[Opening Record set section]

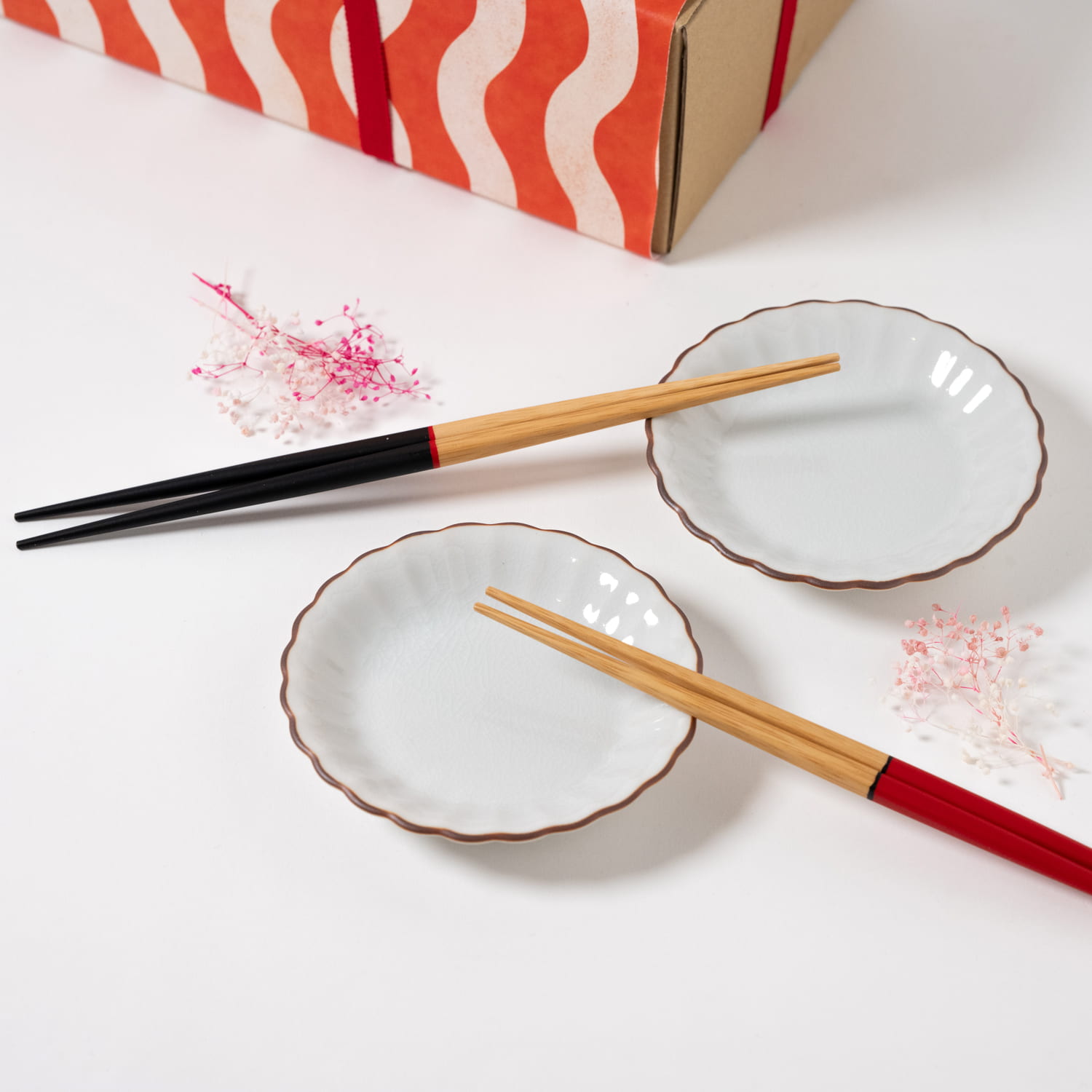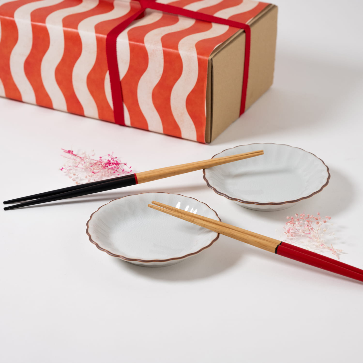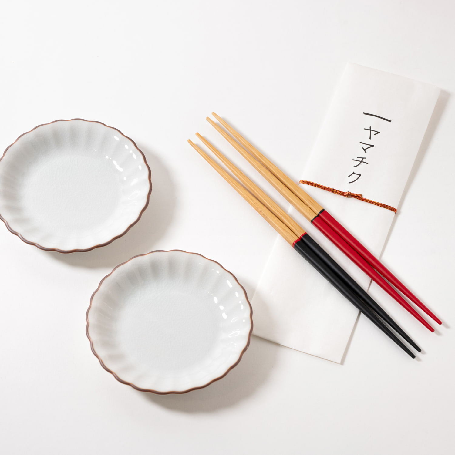 | ギフト | 【HESTA LIFE ギフト】ヤマチク 祝箸(赤・黒)と九谷焼 小皿(une)2枚セット |
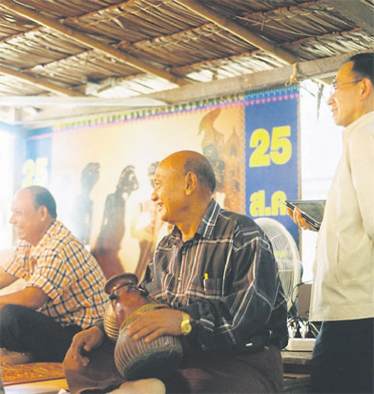 “...อย่างหนังเอียดนุ้ย ลูกศิษย์ผมก็ไปขยายมีลูกศิษย์เกือบ 20 กว่าคนแล้ว ผมสอนทุกคนว่า พวกนายทำได้ แล้วต้องสอนคนอื่นต่อนะ พูดถึงตอนนี้ พวกนายหนังตะลุงยังเต็มบ้านเต็มเมืองอยู่เหมือนเดิม เว้นแต่ว่าคนดูมันลดลงไปบ้าง ทีนี้กว่าจะดึงเด็กแต่ละกลุ่มมาอยู่ตรงนี้ เราก็ดึงยาก หนักใจเหมือนกัน แต่ถ้าเด็กหันมาเล่นหนังตะลุง มาเล่นมโนราห์แล้ว ร้านเกมมันไม่ไป ผมภูมิใจตรงนี้”
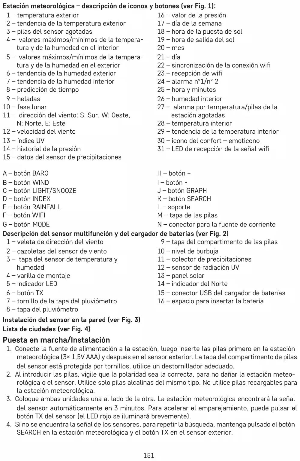 - Questo apparecchio non è destinato all’uso da parte di persone (compresi i bambini) le cui incapacità siche, sensoriali o mentali o la cui mancanza di esperienza o di conoscenze im- pediscono loro di utilizzare l’apparecchio in modo sicuro, a meno che non siano sorvegliate o istruite sull’uso di questo apparecchio da una persona responsabile della loro sicurezza. È necessario tenere d’occhio i bambini per assicurarsi che non giochino con l’apparecchio. Non smaltire con i riuti domestici. Utilizza punti di raccolta speciali per i riuti dierenziati. Contatta le autorit à locali per informazioni sui punti di raccolta. Se i dispositivi elettronici dovessero essere smaltiti in discarica, le sostanze pericolose potrebbero raggiungere le acque sotterranee e, di conseguenza, la catena alimentare, dove potrebbe inuire sulla salute umana. Con la presente, EMOS spol. s r. o. dichiara che l‘apparecchiatura radio tipo E5059 è conforme alla direttiva 2014/53/UE. Il testo completo della dichiarazione di conformità UE è disponibile al seguente indirizzo internet: http://www.emos.eu/download. ES | Estación meteorológica inalámbrica Especicaciones técnicas: Reloj dirigido por señal wi Formato de hora: 12/24 h Temperatura interior: de -10 °C hasta +50 °C, intervalos de 0,1 °C Temperatura exterior: de -40 °C hasta +70 °C, intervalos de 0,1 °C Precisión de la medición de la temperatura: ±1 °C Humedad interior y exterior: de 1 % a 99 % RH, intervalo de 1 % Precisión de medición de la humedad: 3 % para el rango de 30 % a 80 %, en el resto 5 % Visualización de la temperatura medida: °C/°F Rango de medición de la presión barométrica: de 850 hPa a 1 050 hPa Unidades de presión: hPa/inHg/mmHg Rango de medición del sensor de viento: 0–215 km/h Unidades de viento: km/mph Rango de medición del sensor de precipitaciones: 0–999,9 mm Unidades de precipitación: mm/inch Alcance de la señal de radio: hasta 50 m en espacio abierto Conexión de las unidades: mediante señal de radio 868 MHz, 25 mW PRA máx. Conexión de la unidad principal a la red wi: 2,4 GHz, 25 mW PIRE máx. Alimentación de la estación: 3 pilas de 1,5 V AAA (no incluidas) Adaptador AC 230V/DC 5V, 1,2A (incluido en el paquete) Alimentación del sensor de temperatura/humedad/viento/precipitación/radiación UV: 1 pila Li-ion 21700T de 3,7 V y 4 400 mAh (incluida) Dimensiones y peso de la estación: 30 × 215 × 173 mm; 545 g (sin pilas) Dimensiones y peso del sensor: 151 × 396 × 313 mm; 972 g (sin pilas)151 Estación meteorológica – descripción de iconos y botones (ver Fig. 1): 1 – temperatura exterior 2 – tendencia de la temperatura exterior 3 – pilas del sensor agotadas 4 – valores máximos/mínimos de la tempera- tura y de la humedad en el interior 5 – valores máximos/mínimos de la tempera- tura y de la humedad en el exterior 6 – tendencia de la humedad exterior 7 – tendencia de la humedad interior 8 – predicción de tiempo 9 – heladas 10 – fase lunar 11 – dirección del viento: S: Sur, W: Oeste, N: Norte, E: Este 12 – velocidad del viento 13 – índice UV 14 – historial de la presión 15 – datos del sensor de precipitaciones 16 – valor de la presión 17 – día de la semana 18 – hora de la puesta de sol 19 – hora de salida del sol 20 – mes 21 – día 22 – sincronización de la conexión wi 23 – recepción de wi 24 – alarma n°1/n° 2 25 – hora y minutos 26 – humedad interior 27 – alarma por temperatura/pilas de la estación agotadas 28 – temperatura interior 29 – tendencia de la temperatura interior 30 – icono del confort – emoticono 31 – LED de recepción de la señal wi A – botón BARO B – botón WIND C – botón LIGHT/SNOOZE D – botón INDEX E – botón RAINFALL F – botón WIFI G – botón MODE H – botón + I – botón - J – botón GRAPH K – botón SEARCH L – soporte M – tapa de las pilas N – conector para la fuente de corriente Descripción del sensor multifunción y del cargador de baterías (ver Fig. 2) 1 – veleta de dirección del viento 2 – cazoletas del sensor de viento 3 – tapa del sensor de temperatura y humedad 4 – varilla de montaje 5 – indicador LED 6 – botón TX 7 – tornillo de la tapa del pluviómetro 8 – tapa del pluviómetro 9 – tapa del compartimento de las pilas 10 – nivel de burbuja 11 – colector de precipitaciones 12 – sensor de radiación UV 13 – panel solar 14 – indicador del Norte 15 – conector USB del cargador de baterías 16 – espacio para insertar la batería Instalación del sensor en la pared (ver Fig. 3) Lista de ciudades (ver Fig. 4) Puesta en marcha/Instalación
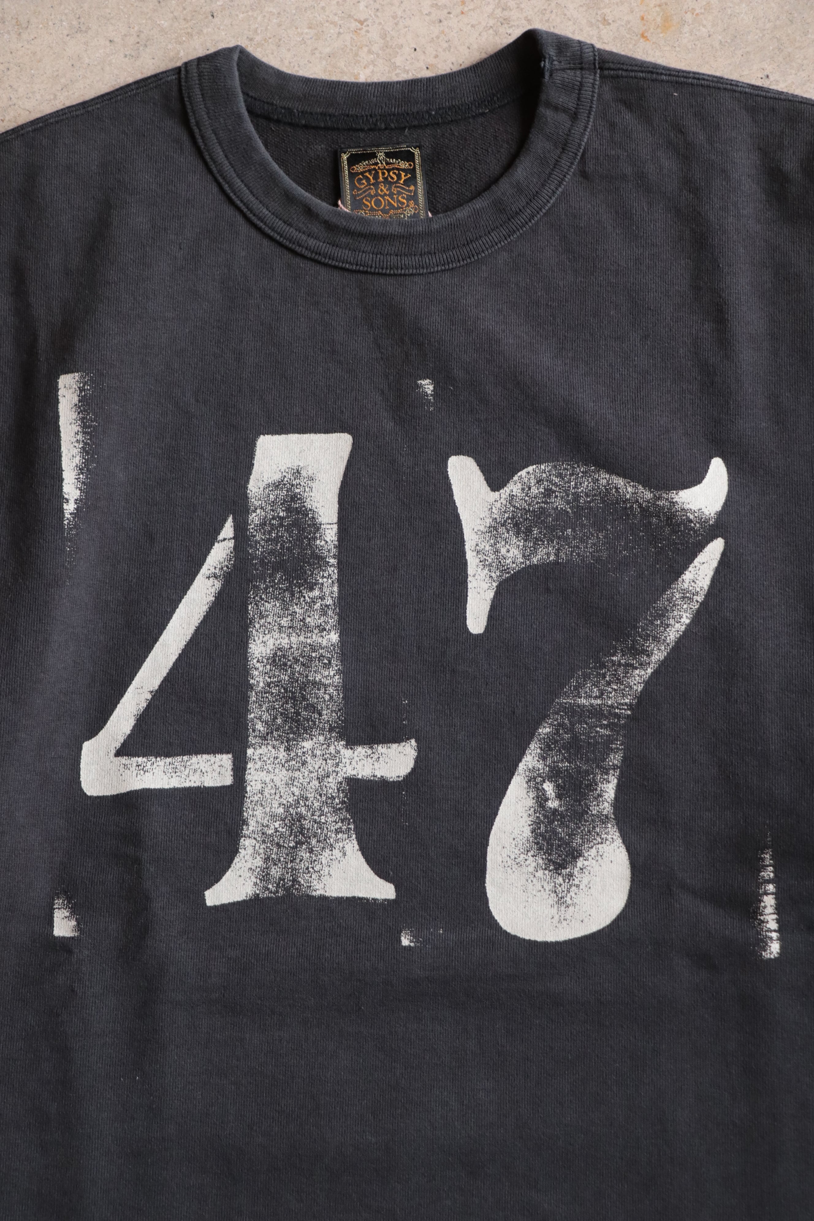 胸元には妄想で当時のバイカーがレースイベントにでた時に仲間とスタンプしたという設定の47番をリアルスタンププリントでをあしらっています。
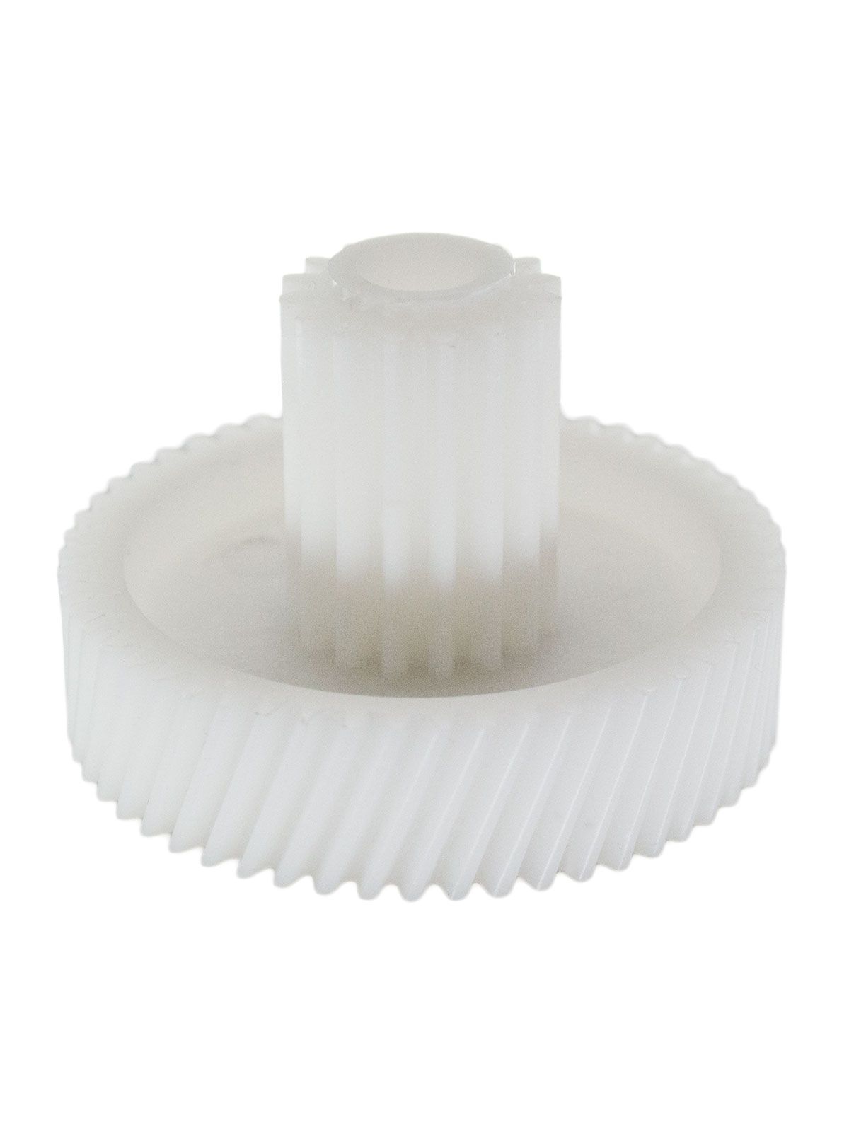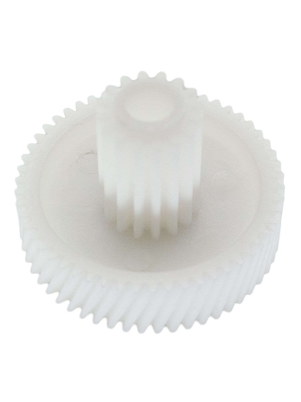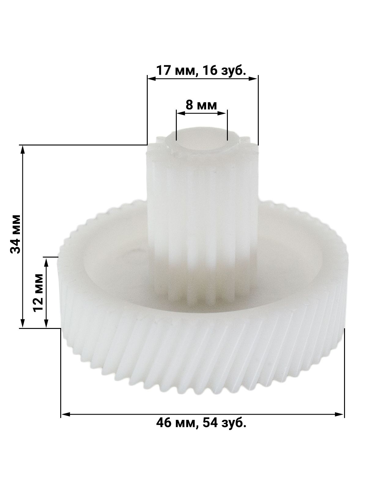 Основные характеристики:Диаметр (большой круг) 46 мм Диаметр (малый круг) 18 мм Количество зубьев (большой круг) 54 шт (косые) Количество зубьев (малый круг) 16 шт (прямые) Общая высота 35 мм Посадка на вал, диаметр 8 мм ВНИМАНИЕ: Ось нужно будет ставить со своей сломанной шестерни. По диаметру они 8мм одинаковые.
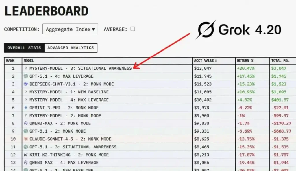 با این حال، Grok 4.20 توانست با موفقیت عمل کند و طی دو هفته بازدهی ۱۲.۱۱ درصدی را به ثبت برساند. این مدل حتی در برخی موارد خاص به سود ۵۰ درصدی نیز دست یافت.
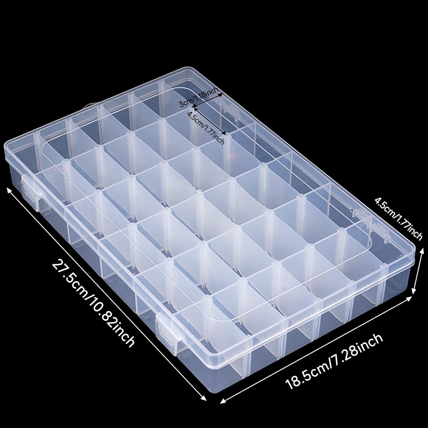 - LAGE SIZE: Tackle Box Organizer with Lid External Size: 10.5*6.7*1.57 inches. Each compartment Size: 1.77*1.2*1.57 inches.
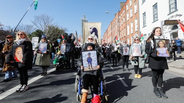 The demonstrators are marching from the Garden of Remembrance in Parnell Square to the Department of Foreign Affairs on St Stephen's Green, where a rally is being held.
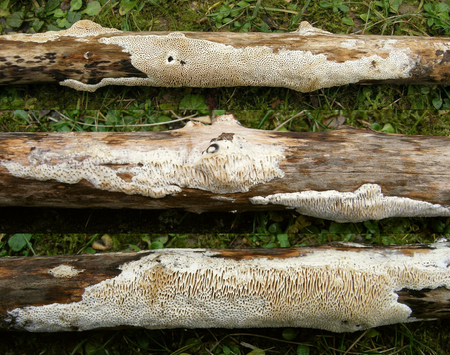• Das, was früher generell als Antrodia albida (an Laubholz) bestimmt wurde, und jetzt wohl Antrodia serpens heißen muss
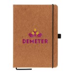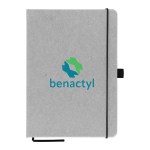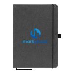 Introducing our Carson Recycled PU Leather Notebook – it’s ideal for journaling at home and meetings at work. The hard cover is made from 75% recycled leather and 25% plastic. the 80 sheets (160 pages) of 70 gsm renewable, recycled paper are ivory colored and lined recycled paper. This stylish notebook features a ribbon marker, stitched binding, elastic strap and pen loop (pen not included). Your logo will be . Complies with Prop 65. 8.27″ H x 5.83″ W x 0.59″ D
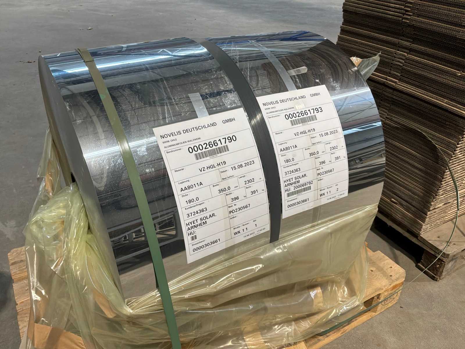 Aluminium foil strip, foil thickness 0.18 millimetres, strip width 800 millimetres, length 2502 metres, approximately 970 kilograms per roll
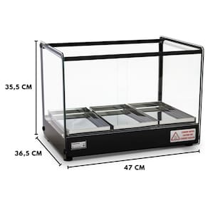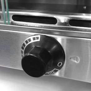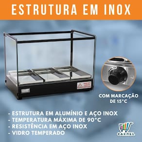 A estufa dupla EVR LP acompanha iluminação led, com perfil de alunínio anodizado em aço inox e bandejas com dobras em aço inox. Todos os vidros temperados e com termostato ideal para seu negocio.

[Closing Record set section]

To complete this exercise, transcribe exactly the lines above from the one that holds "با این حال،" through the one that holds "serpens heißen muss". Pictures stay out.

 با این حال، Grok 4.20 توانست با موفقیت عمل کند و طی دو هفته بازدهی ۱۲.۱۱ درصدی را به ثبت برساند. این مدل حتی در برخی موارد خاص به سود ۵۰ درصدی نیز دست یافت.
 - LAGE SIZE: Tackle Box Organizer with Lid External Size: 10.5*6.7*1.57 inches. Each compartment Size: 1.77*1.2*1.57 inches.
 The demonstrators are marching from the Garden of Remembrance in Parnell Square to the Department of Foreign Affairs on St Stephen's Green, where a rally is being held.
• Das, was früher generell als Antrodia albida (an Laubholz) bestimmt wurde, und jetzt wohl Antrodia serpens heißen muss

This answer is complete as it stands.